§ WORK TASK: In the entries below, find the line containing "スヌーズレーンで過ごす利用者さんたち" and the line containing "Vue d'exposition, Tous, des". Copy those two lines and everything between them exactly, and only that.
☆ ☆ ☆
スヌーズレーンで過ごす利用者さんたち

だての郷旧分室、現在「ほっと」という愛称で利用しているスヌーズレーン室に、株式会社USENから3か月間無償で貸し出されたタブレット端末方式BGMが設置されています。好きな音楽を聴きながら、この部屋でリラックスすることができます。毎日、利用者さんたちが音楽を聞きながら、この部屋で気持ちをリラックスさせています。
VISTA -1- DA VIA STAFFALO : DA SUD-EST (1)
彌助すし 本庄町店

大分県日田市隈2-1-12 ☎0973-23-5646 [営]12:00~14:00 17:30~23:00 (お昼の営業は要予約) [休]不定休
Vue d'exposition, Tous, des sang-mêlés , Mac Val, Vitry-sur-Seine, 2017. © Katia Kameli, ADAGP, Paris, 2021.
☆ ☆ ☆
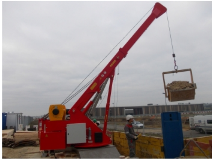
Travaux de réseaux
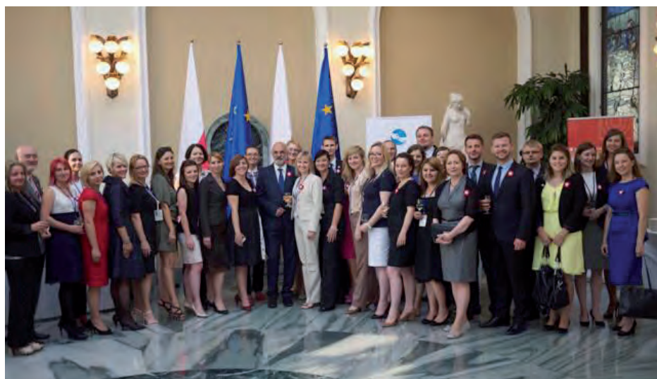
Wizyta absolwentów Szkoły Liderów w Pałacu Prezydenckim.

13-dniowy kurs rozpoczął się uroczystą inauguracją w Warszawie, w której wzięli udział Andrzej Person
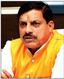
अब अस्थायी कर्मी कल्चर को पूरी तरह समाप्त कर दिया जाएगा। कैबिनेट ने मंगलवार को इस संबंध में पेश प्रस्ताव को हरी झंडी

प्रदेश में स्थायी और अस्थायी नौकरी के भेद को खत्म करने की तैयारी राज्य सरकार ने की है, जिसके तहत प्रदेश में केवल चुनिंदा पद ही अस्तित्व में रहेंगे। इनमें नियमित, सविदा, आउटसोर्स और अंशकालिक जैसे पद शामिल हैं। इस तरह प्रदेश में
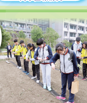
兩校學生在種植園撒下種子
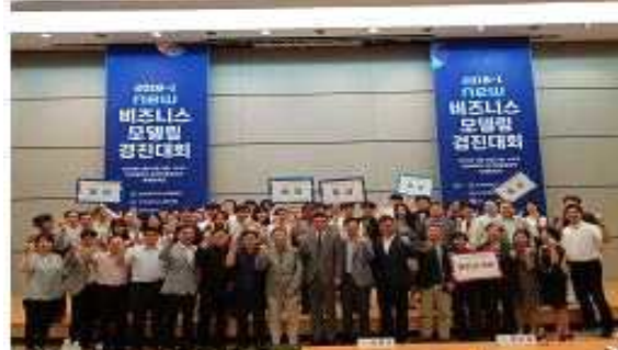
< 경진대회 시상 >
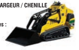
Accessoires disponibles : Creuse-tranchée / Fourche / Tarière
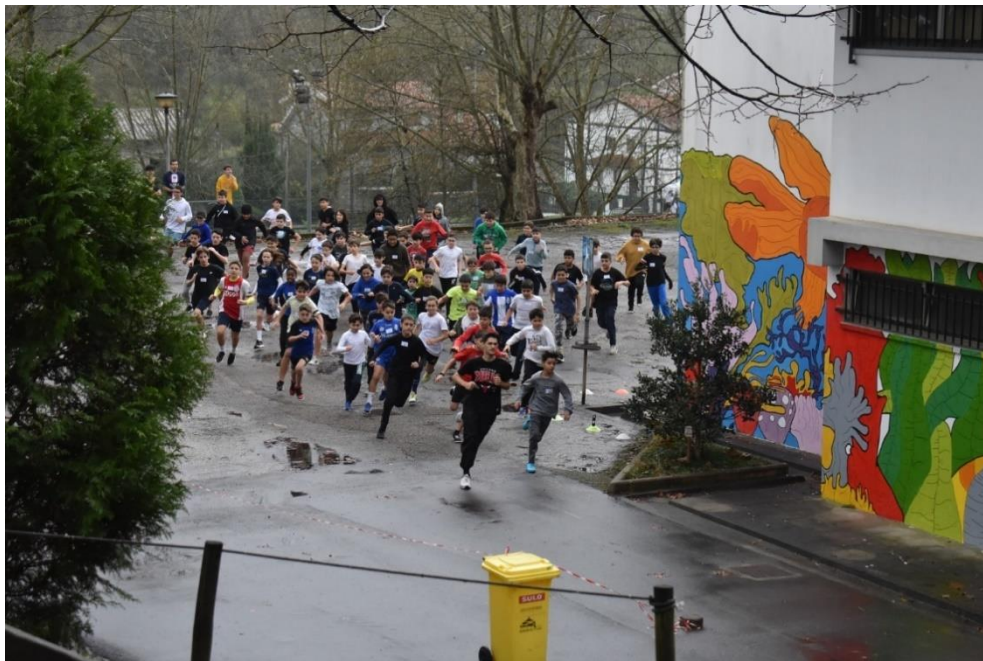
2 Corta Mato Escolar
☆ ☆ ☆
§ FINAL ANSWER:
スヌーズレーンで過ごす利用者さんたち

だての郷旧分室、現在「ほっと」という愛称で利用しているスヌーズレーン室に、株式会社USENから3か月間無償で貸し出されたタブレット端末方式BGMが設置されています。好きな音楽を聴きながら、この部屋でリラックスすることができます。毎日、利用者さんたちが音楽を聞きながら、この部屋で気持ちをリラックスさせています。
VISTA -1- DA VIA STAFFALO : DA SUD-EST (1)
彌助すし 本庄町店

大分県日田市隈2-1-12 ☎0973-23-5646 [営]12:00~14:00 17:30~23:00 (お昼の営業は要予約) [休]不定休
Vue d'exposition, Tous, des sang-mêlés , Mac Val, Vitry-sur-Seine, 2017. © Katia Kameli, ADAGP, Paris, 2021.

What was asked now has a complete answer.